## TRY IT
Nothing but the text belongs in the answer: the listing below, copied exactly, without pictures.

## SOURCE MATERIAL
Segment Open

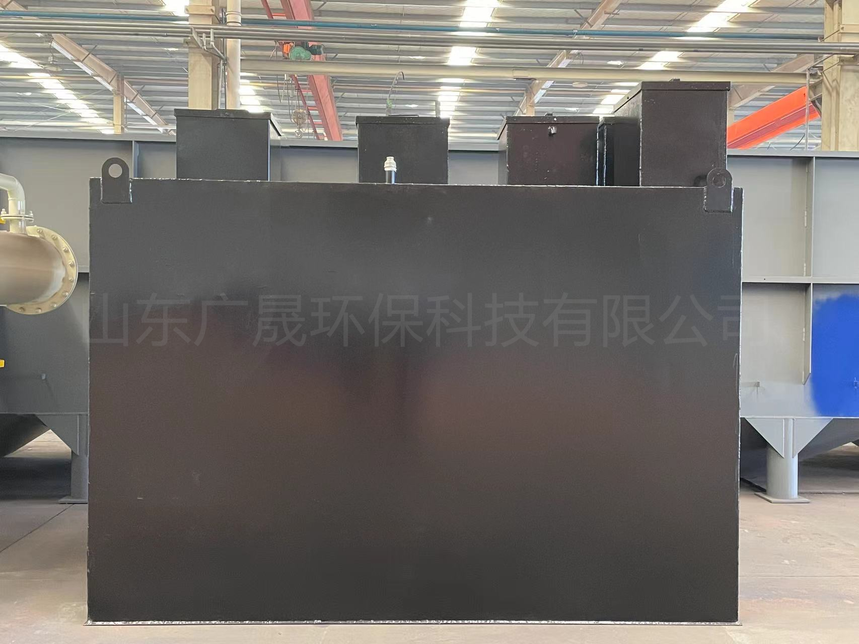 其一側設置有進水口,反應池內設置有浸沒式簾式膜組件,容納有活性污泥,周邊曝氣和膜片曝氣管路與風機聯通,膜組件上配套的集水管與抽吸泵聯通,待處理的污水通過進水口進入 MBR 生化反應池,污水在反應池內的 HRT 為 5h。經反應池內的活性污泥降解后,通過抗污染平板膜組件,然后由抽吸泵吸出進入清水消毒池。反應池內還設置有污泥提升泵,可以把多余的污泥提升到污泥硝化池內。反應池上部開有溢流口,可以使污水自流到箱外調節池。下部一側開放空口,便于池內結構維護、清理。
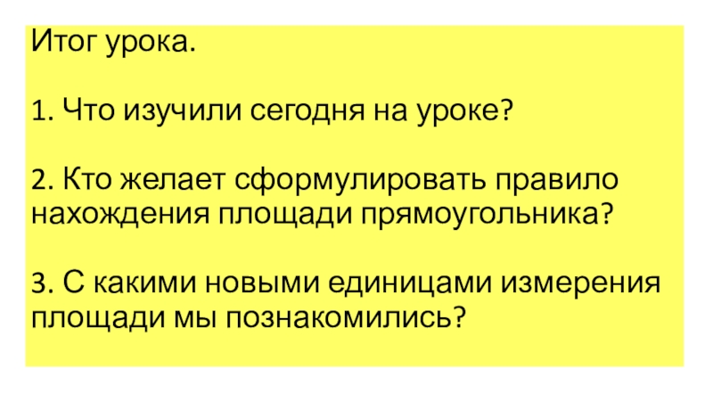 Итог урока.  1. Что изучили сегодня на уроке?  2. Кто желает сформулировать правило нахождения площади
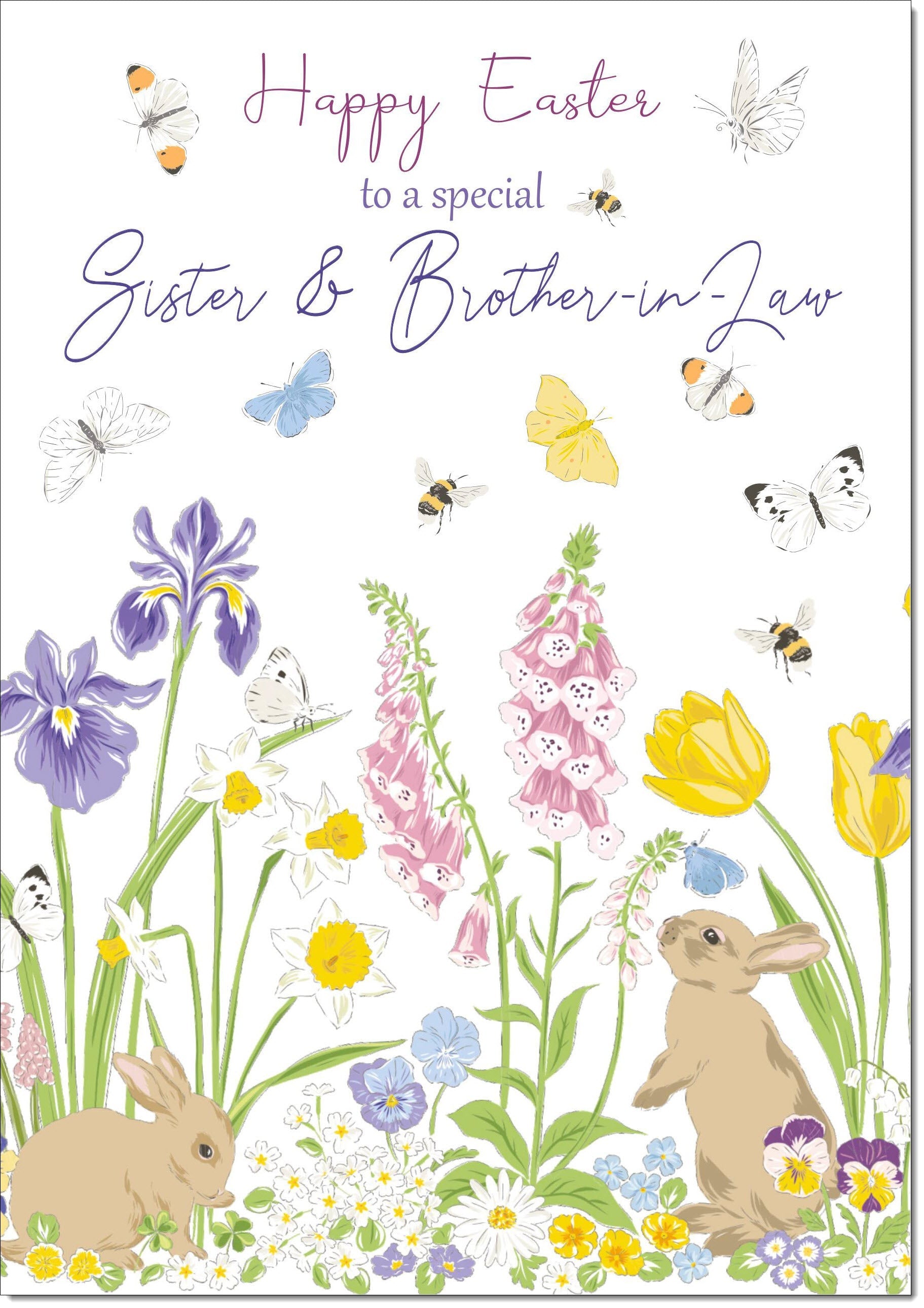 Sister & Brother-in-Law Easter Card Spring Flowers with Bunnies

Segment Closed

## WRITTEN SOLUTION
 其一側設置有進水口,反應池內設置有浸沒式簾式膜組件,容納有活性污泥,周邊曝氣和膜片曝氣管路與風機聯通,膜組件上配套的集水管與抽吸泵聯通,待處理的污水通過進水口進入 MBR 生化反應池,污水在反應池內的 HRT 為 5h。經反應池內的活性污泥降解后,通過抗污染平板膜組件,然后由抽吸泵吸出進入清水消毒池。反應池內還設置有污泥提升泵,可以把多余的污泥提升到污泥硝化池內。反應池上部開有溢流口,可以使污水自流到箱外調節池。下部一側開放空口,便于池內結構維護、清理。
 Итог урока.  1. Что изучили сегодня на уроке?  2. Кто желает сформулировать правило нахождения площади
 Sister & Brother-in-Law Easter Card Spring Flowers with Bunnies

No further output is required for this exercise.